The red teaming exercise described in this report was conducted in a development environment, whereas real scenarios may have Computer Use deployed on real systems with sensitive information. These real world deployments may see different results.
The definition of a successful or unsafe outcome can be subjective. For instance, if an agent is instructed to follow directions from a website and subsequently follows a prompt injection, is this truly a derailment, or simply an example of poor tool usage?
It’s important to note that Anthropic’s Computer Use is in early stages of its product lifecycle. Quite often, attacks don't work as the agent struggles to perform simple tasks such as scrolling, searching for items, or handling pop-ups.
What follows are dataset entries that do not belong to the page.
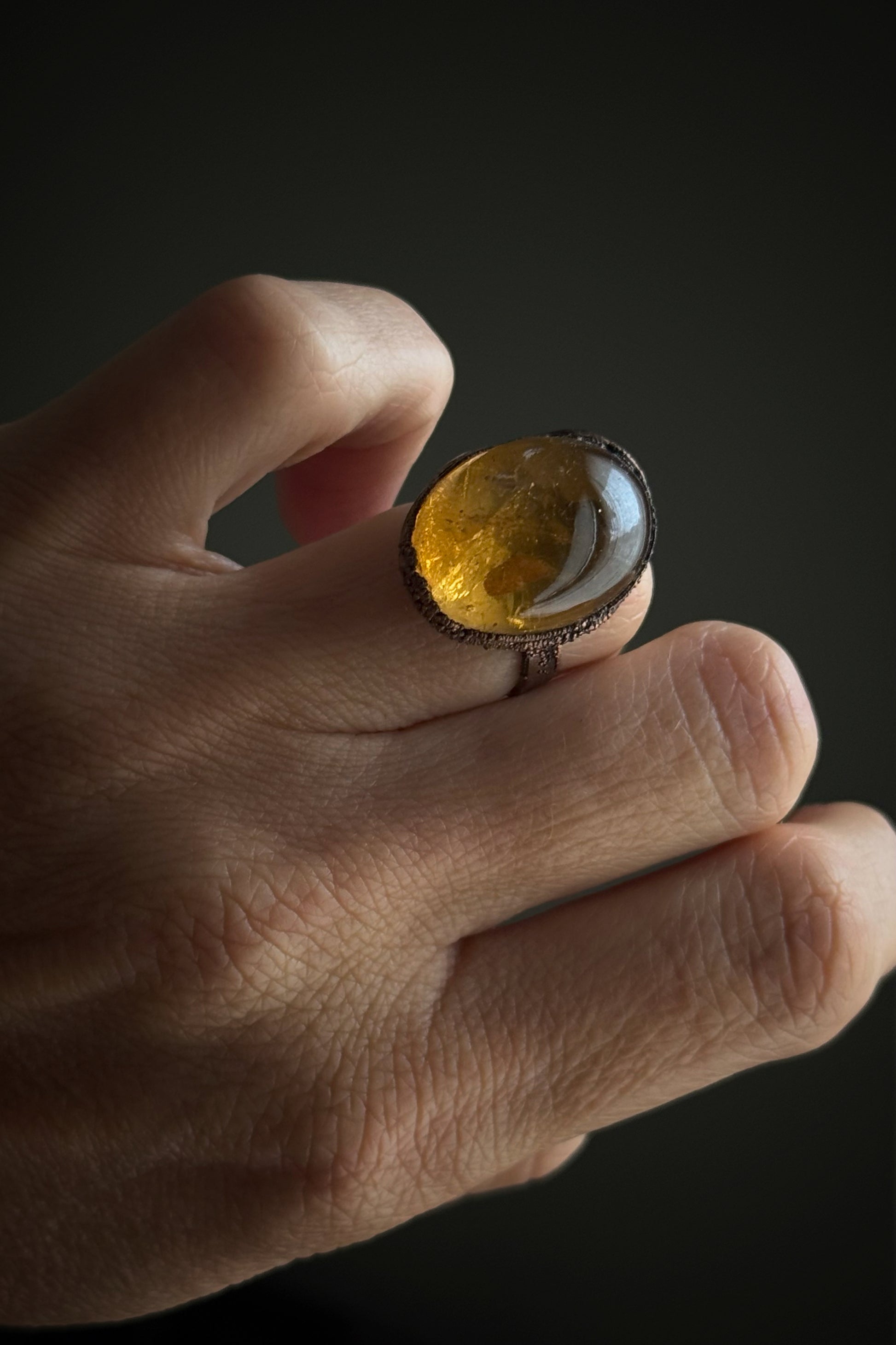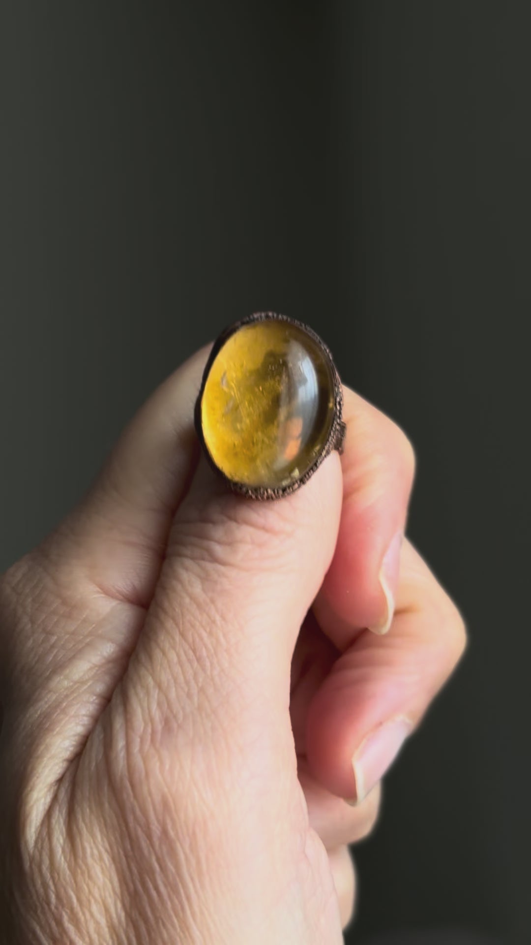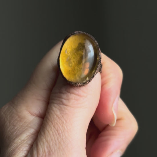 Una singola, grande pietra di Quarzo Citrino cattura la luce con il suo vibrante colore mielato e caldo, incastonata nel rame con una montatura essenziale che ne esalta la forma ovale (24 x 15 mm spessore 1 cm). La gemma si presenta con una trasparenza cristallina e sfumature che evocano l'energia del sole e dell'ottimismo.
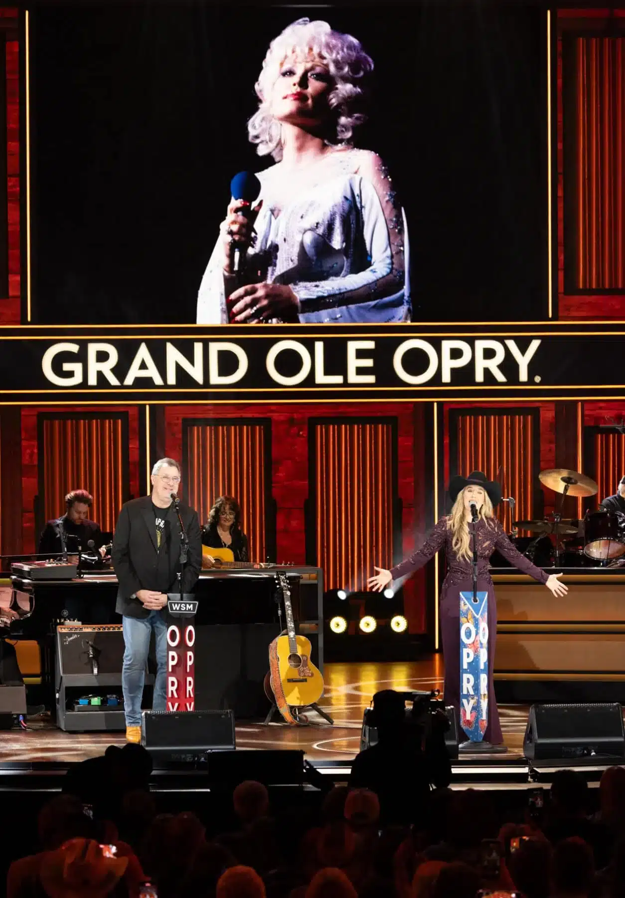 Wilson and Gill then closed their set with a stunning rendition of “I Will Always Love You.” Gill handled the opening verse and chorus before Wilson took over the second verse, with the two joining together in harmony as photos of Parton filled the stage backdrop. The performance brought the Opry crowd to its feet for a prolonged standing ovation.
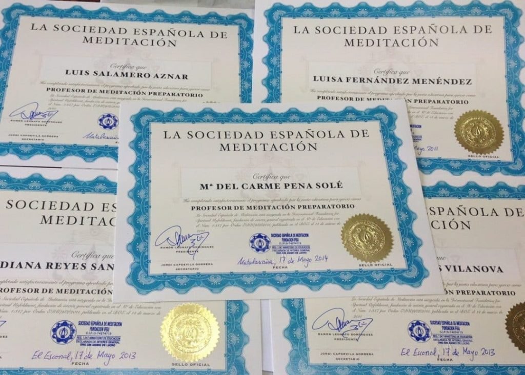 Se obtiene una vez que se ha obtenido el certificado de profesor preparatorio y una vez que se han acumulado 390 créditos. La Sociedad Española de Meditación convalidara otras formaciones recibidas en otras escuelas a través de su comité de educación. Si has seguidos cursos de profesor de Yoga, MBSR etc… tus calificaciones y créditos adscritos a estas serán considerados a la hora de tener los créditos suficientes para ejercer como profesor de la Sociedad Española de Meditación y la Fundación IFSU.
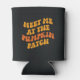 This design features the phrase "Meet Me at the Pumpkin Patch" displayed in a bold, retro-inspired font with a playful, wavy appearance. The text is arranged in a staggered, diagonal layout, adding a dynamic and lively feel to the design. The colour scheme includes warm autumnal hues, with the top words in a golden yellow transitioning to a rich orange towards the bottom, creating a gradient effect that enhances the festive fall theme.

Reference: Challenges in Red Teaming AI Systems \ Anthropic
Conclusion
Computer Use represents a promising step toward integrating AI into everyday human workflows, yet it remains in its early stages. Trusting non-deterministic systems with daily tasks, including handling sensitive information, requires a high degree of trust. As we edge closer to the prospect of AGI, the stakes become even higher: more advanced AI may bring improved safeguards, but successful cyber attacks on these agents could have more profound consequences. If attackers can derail an agent, they effectively harness its full capabilities. This report provides a red teaming evaluation of current AI capabilities in Anthropic’s Computer Use, while highlighting an opportunity for future research into the dual-use nature and cyber misuse of these systems.